College Student Changes University

California State University, Sacramento (CSUS) has just made announced it will fund a minor in genocide studies in the Ethnic Studies Department and add a Native American professor to the History Department. In the wake of this victory, let us consider the significance of the resistance of Chiitaanibah Johnson, the Maidu/Diné.

The public response to news of her treatment gained international importance as seen by the spread of the story amongst Native Americans, social media, and news agencies from Al Jazeera to the Chronicle of Higher Education.

Johnson disagreed with her history professor on his verbal dismissal of the concept of Indian genocide. She brought the issue to his attention asking for acknowledgement of her position for which she brought documentation. As tension progressed, he told her to leave the class. People may dispute the order of events and their interpretation. Nevertheless, she became a symbol for many about the college experience and its structural contradictions. The world watched. Whose version of history is accepted? What input are students allowed? How are students to be treated in the classroom? How are Native-American students treated?

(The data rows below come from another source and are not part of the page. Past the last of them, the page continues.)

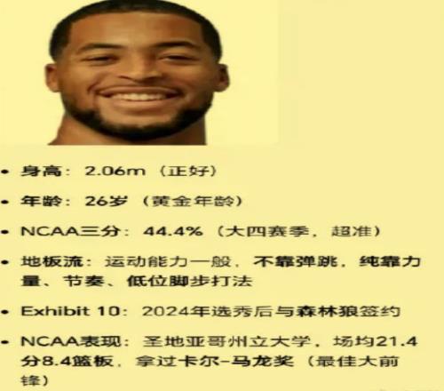 這個(gè)杰登勒迪真正成名是在他的大學(xué)時(shí)期,身高2米06的他,2023年效力于圣地亞哥州立大學(xué),因其率領(lǐng)球隊(duì)取得3勝0負(fù)的成績的同時(shí),自己場均也可以得到28.7分和12個(gè)籃板球的兩雙數(shù)據(jù),所以2023年11月21日被評(píng)為當(dāng)周全美最佳球員。
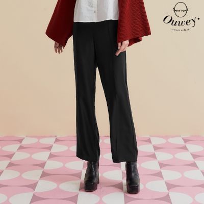 OUWEY歐薇 俐落都會全長微寬直筒褲(黑色;S-L)3233326546$644
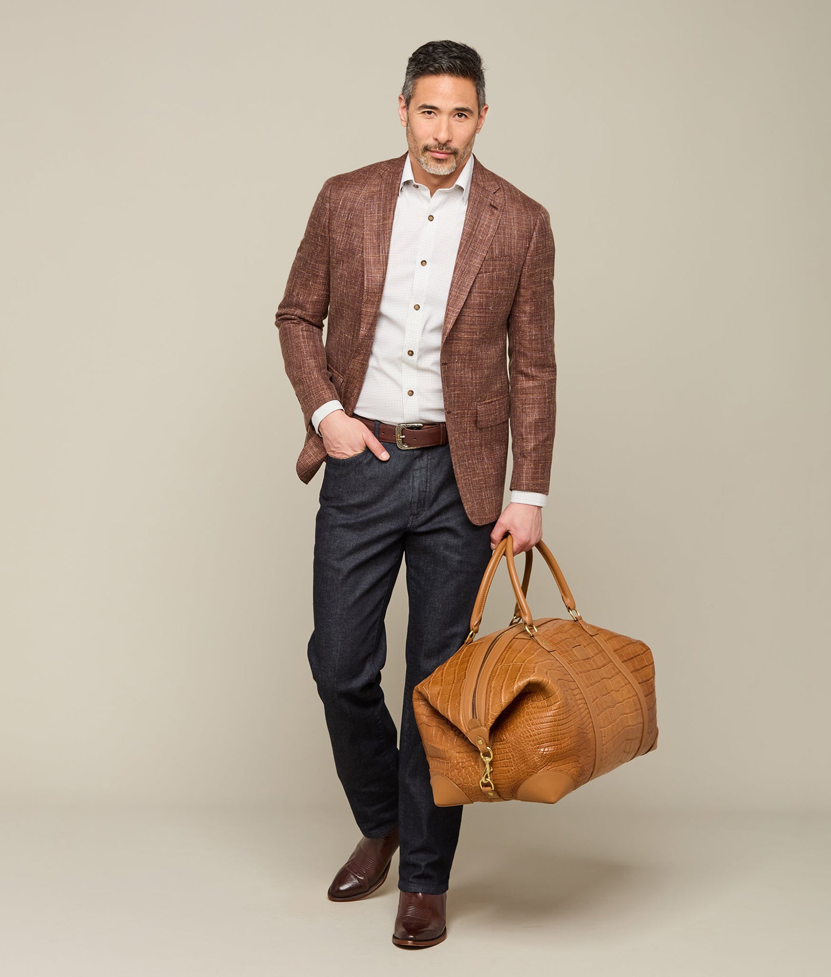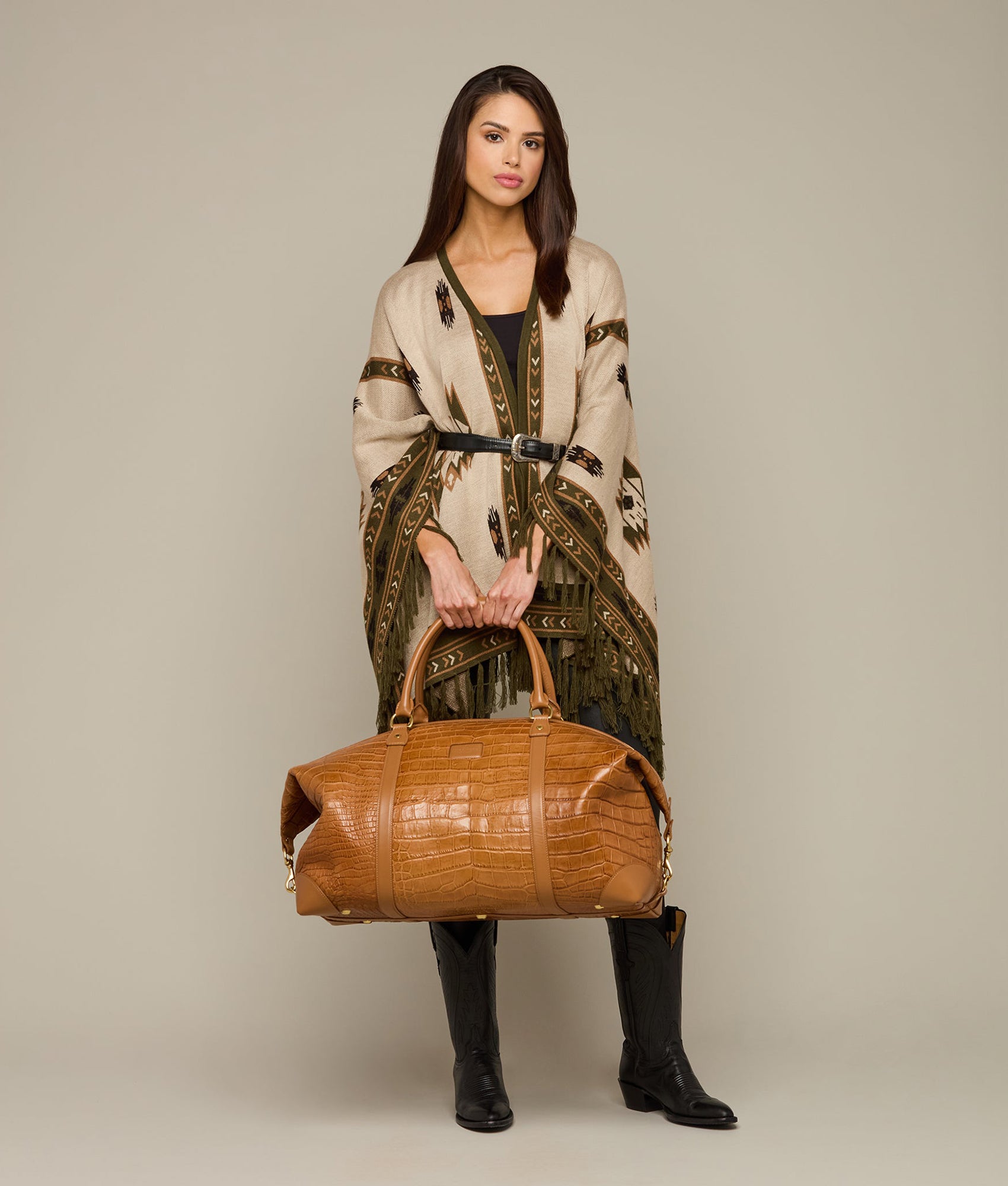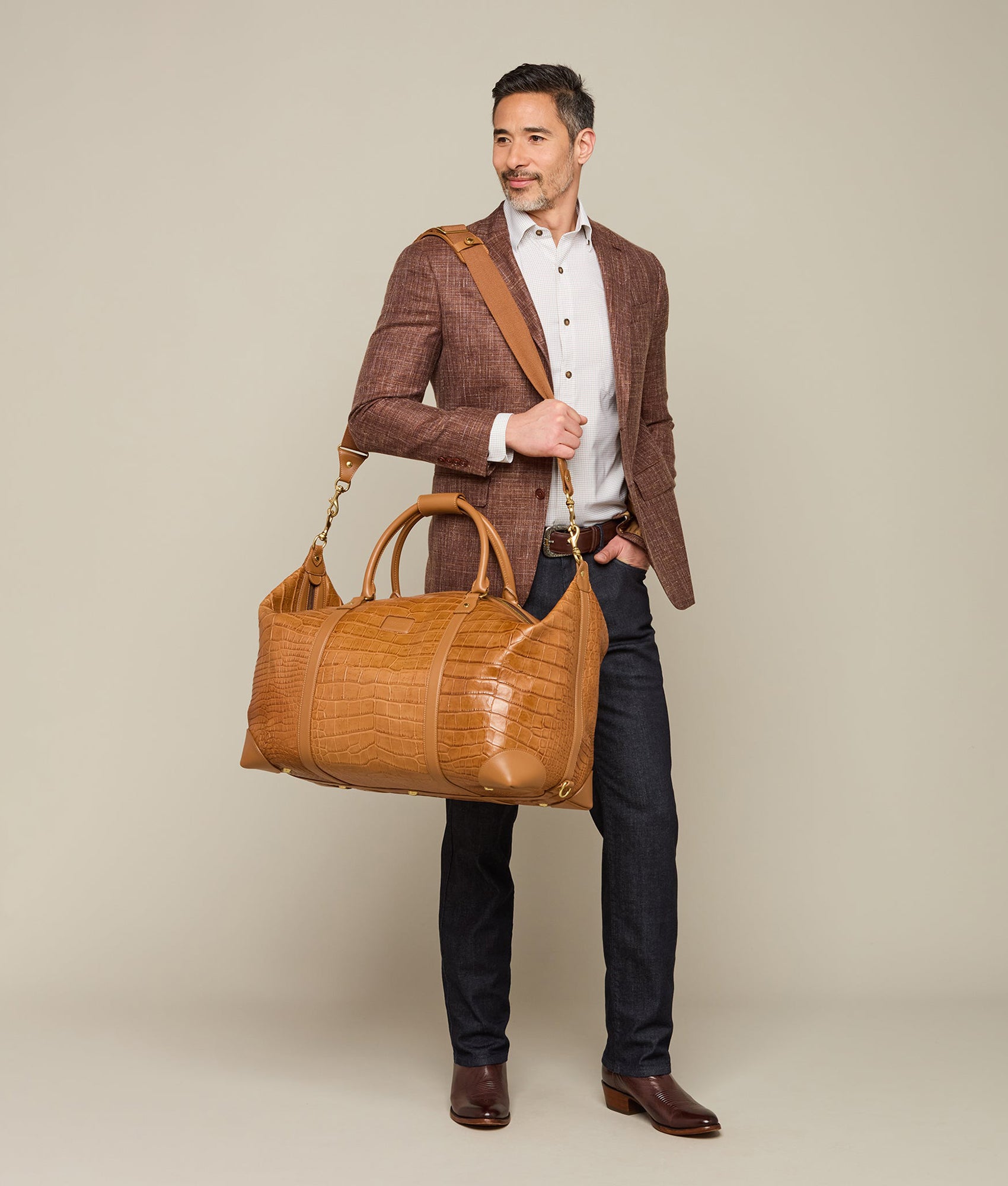 Built with Lucchese’s own giant American alligator. this signature duffle?totes your essentials in first class style. The fold-end construction allows for maximum packing space. which includes natural. water-resistant canvas lining. an interior zipper pocket and two open storage slots.

Let me reiterate the importance of Johnson. What I have heard again and again at the related gatherings in the support of Johnson are the memories of inter-generational trauma that Native Americans experience. As students, they have been caught in machinery of multiple institutions of repression, including the infamous Indian schools that historically murdered their cultures and erased their languages. Current education systems marginalize and silence their presence. Miseducation and mistreatment linger in many forms.

The word for this is cultural genocide.

The G-word, genocide, will now be discussed openly. This is progress. These concerns about the Native-American struggle must be acknowledged, and native peoples must be heard not disdained. Their numbers must no longer be attenuated in the university by biased attitudes and by antiquated paternalism.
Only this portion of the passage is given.